▶ _WHAT TO WORK ON_
Go through the listing below and retype exactly the lines starting at the one with "证券之星消息,截至2025年" and ending at the one with "La chica continuó", skipping pictures.

▶ _EXTRACTED MATERIAL_
───

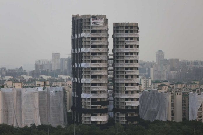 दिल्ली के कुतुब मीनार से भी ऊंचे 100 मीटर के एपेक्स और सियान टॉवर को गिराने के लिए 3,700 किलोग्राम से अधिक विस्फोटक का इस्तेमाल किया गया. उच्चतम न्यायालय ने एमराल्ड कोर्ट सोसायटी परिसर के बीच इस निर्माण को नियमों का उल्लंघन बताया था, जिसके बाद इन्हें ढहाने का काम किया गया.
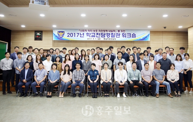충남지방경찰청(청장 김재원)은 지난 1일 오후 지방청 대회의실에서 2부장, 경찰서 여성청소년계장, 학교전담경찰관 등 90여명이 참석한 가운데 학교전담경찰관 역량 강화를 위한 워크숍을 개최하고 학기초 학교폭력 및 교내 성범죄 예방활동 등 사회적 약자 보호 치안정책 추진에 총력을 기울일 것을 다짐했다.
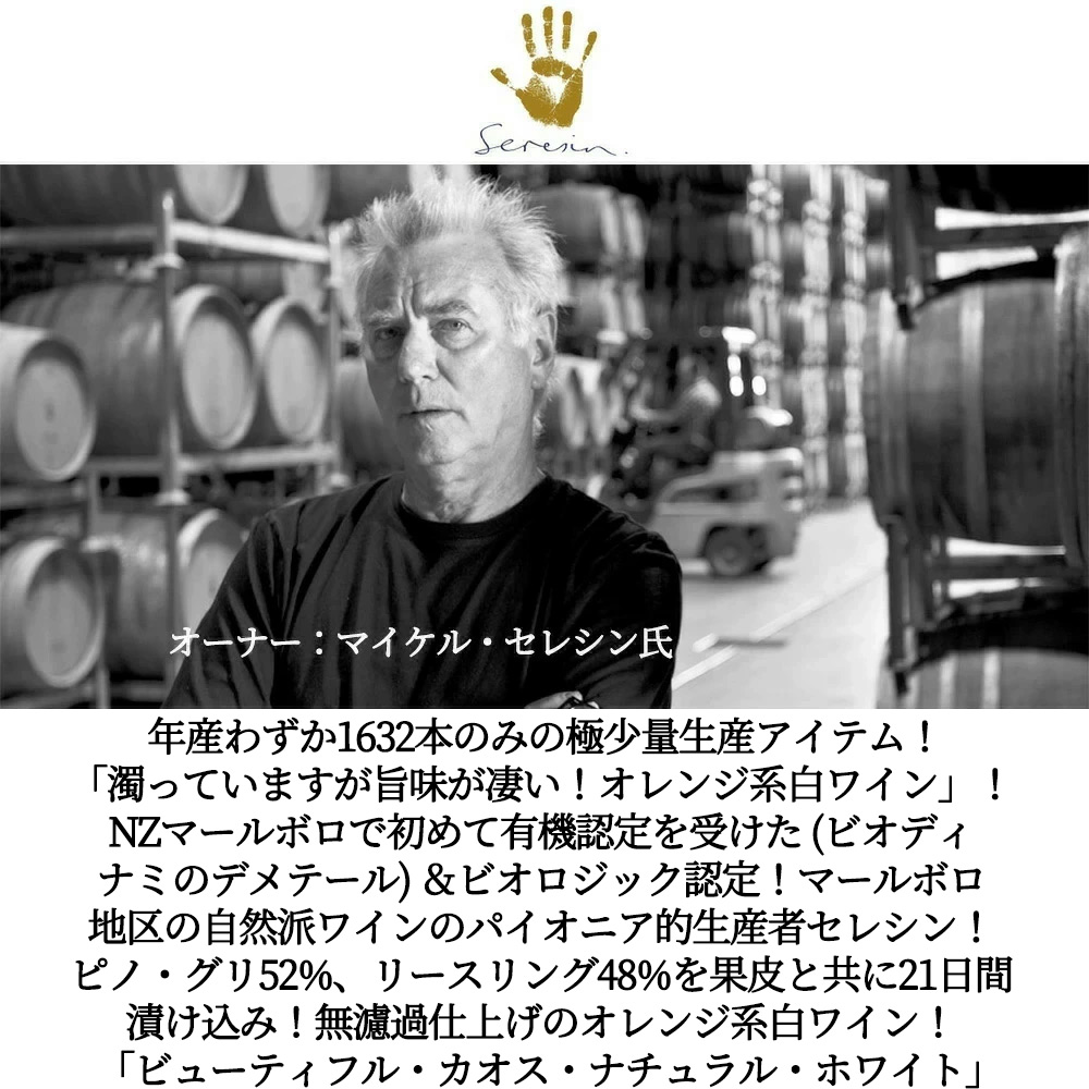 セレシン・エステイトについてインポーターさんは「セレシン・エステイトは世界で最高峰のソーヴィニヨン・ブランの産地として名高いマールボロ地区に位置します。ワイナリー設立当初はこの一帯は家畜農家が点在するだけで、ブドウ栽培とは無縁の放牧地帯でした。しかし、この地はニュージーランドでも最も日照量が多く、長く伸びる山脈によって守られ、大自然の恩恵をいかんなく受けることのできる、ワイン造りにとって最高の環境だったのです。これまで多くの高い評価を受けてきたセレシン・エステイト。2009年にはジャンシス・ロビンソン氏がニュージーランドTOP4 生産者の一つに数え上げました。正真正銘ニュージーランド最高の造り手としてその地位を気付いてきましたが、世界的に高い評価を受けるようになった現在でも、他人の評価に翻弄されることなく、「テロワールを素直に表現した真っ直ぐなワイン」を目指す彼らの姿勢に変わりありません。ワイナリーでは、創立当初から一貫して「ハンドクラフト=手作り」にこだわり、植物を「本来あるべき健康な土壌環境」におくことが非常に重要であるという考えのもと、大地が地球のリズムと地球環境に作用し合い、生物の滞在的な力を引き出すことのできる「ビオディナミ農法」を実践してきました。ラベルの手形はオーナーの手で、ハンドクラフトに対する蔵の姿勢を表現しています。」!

───

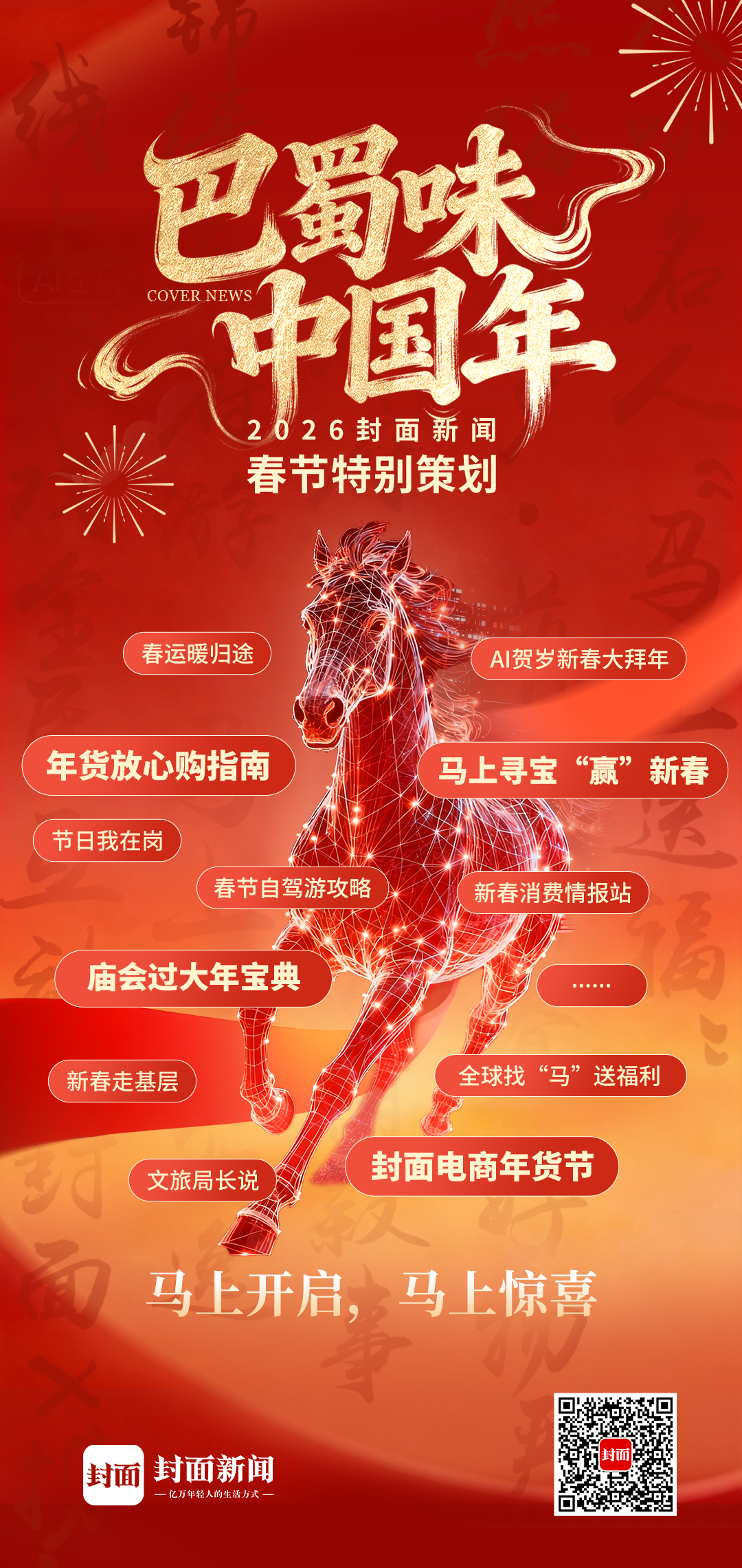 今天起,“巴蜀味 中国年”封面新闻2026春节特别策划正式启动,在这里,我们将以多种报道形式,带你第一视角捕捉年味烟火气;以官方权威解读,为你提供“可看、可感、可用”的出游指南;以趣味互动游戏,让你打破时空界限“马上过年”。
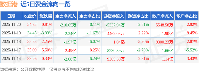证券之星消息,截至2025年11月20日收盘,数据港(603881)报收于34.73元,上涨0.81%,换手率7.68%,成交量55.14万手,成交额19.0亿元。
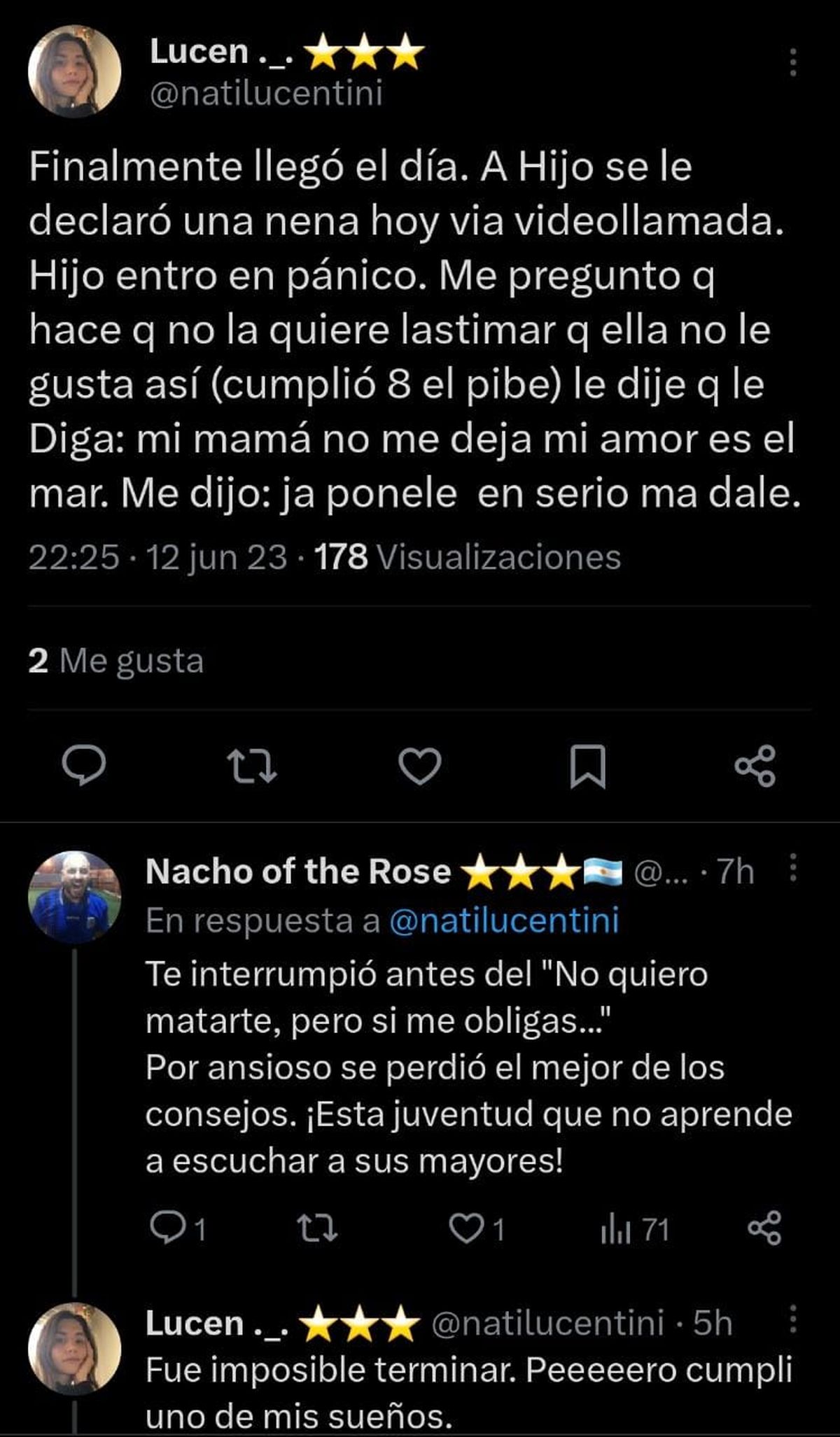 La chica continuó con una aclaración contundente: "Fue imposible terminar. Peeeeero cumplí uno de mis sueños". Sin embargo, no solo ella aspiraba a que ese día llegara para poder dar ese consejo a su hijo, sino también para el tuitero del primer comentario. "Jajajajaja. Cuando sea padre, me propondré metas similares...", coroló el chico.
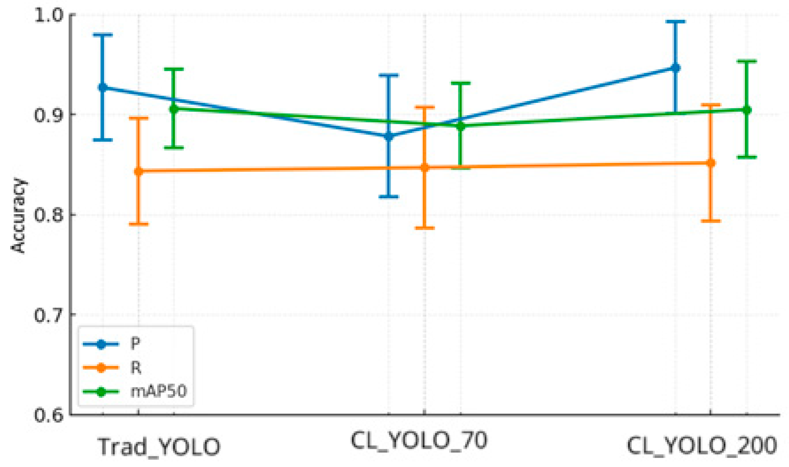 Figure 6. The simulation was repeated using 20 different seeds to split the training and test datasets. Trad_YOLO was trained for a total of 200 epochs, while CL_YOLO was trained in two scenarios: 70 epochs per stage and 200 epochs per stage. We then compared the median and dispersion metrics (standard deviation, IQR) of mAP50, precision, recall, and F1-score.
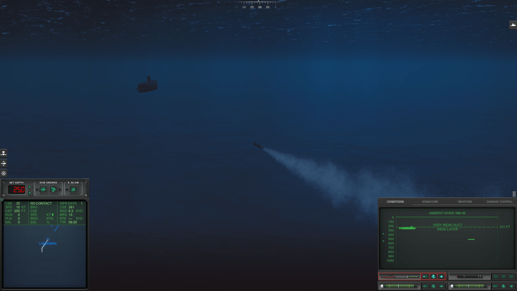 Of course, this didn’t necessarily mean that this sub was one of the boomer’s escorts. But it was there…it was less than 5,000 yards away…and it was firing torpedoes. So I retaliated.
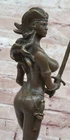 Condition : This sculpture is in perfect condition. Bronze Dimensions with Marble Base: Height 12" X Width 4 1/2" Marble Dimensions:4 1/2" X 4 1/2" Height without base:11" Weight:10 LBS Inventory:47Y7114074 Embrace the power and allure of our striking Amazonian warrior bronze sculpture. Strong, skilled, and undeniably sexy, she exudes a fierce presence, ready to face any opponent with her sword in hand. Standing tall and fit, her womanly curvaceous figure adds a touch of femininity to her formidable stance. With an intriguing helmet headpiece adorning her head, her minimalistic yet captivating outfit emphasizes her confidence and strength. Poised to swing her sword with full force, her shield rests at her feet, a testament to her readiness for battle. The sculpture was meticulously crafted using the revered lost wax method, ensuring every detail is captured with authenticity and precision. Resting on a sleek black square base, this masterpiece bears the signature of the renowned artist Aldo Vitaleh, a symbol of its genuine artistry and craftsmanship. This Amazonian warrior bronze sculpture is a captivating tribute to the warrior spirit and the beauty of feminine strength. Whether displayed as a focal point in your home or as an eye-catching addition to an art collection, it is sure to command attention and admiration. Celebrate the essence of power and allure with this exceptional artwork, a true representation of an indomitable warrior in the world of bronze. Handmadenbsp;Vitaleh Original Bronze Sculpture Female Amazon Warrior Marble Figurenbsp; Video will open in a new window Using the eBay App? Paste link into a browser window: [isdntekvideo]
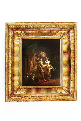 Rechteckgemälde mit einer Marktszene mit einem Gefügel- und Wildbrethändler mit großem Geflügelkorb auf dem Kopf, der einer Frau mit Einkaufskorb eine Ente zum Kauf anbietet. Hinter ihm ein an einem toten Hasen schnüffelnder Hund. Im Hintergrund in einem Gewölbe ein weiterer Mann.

───

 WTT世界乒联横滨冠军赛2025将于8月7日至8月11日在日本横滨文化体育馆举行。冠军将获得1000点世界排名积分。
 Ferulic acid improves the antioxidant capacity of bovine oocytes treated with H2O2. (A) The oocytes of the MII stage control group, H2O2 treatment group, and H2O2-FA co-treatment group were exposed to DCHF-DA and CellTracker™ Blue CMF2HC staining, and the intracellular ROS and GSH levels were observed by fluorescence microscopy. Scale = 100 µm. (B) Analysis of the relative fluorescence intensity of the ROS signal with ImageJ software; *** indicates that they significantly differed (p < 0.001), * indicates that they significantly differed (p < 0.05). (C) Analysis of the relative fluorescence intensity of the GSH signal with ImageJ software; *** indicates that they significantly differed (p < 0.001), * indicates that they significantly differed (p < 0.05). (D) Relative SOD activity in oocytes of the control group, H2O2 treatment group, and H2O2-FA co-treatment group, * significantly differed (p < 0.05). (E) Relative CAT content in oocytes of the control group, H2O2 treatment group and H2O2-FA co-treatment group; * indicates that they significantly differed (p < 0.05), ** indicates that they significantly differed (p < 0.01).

───

▶ _ANSWER FOR THE TASK_
证券之星消息,截至2025年11月20日收盘,数据港(603881)报收于34.73元,上涨0.81%,换手率7.68%,成交量55.14万手,成交额19.0亿元。
 La chica continuó con una aclaración contundente: "Fue imposible terminar. Peeeeero cumplí uno de mis sueños". Sin embargo, no solo ella aspiraba a que ese día llegara para poder dar ese consejo a su hijo, sino también para el tuitero del primer comentario. "Jajajajaja. Cuando sea padre, me propondré metas similares...", coroló el chico.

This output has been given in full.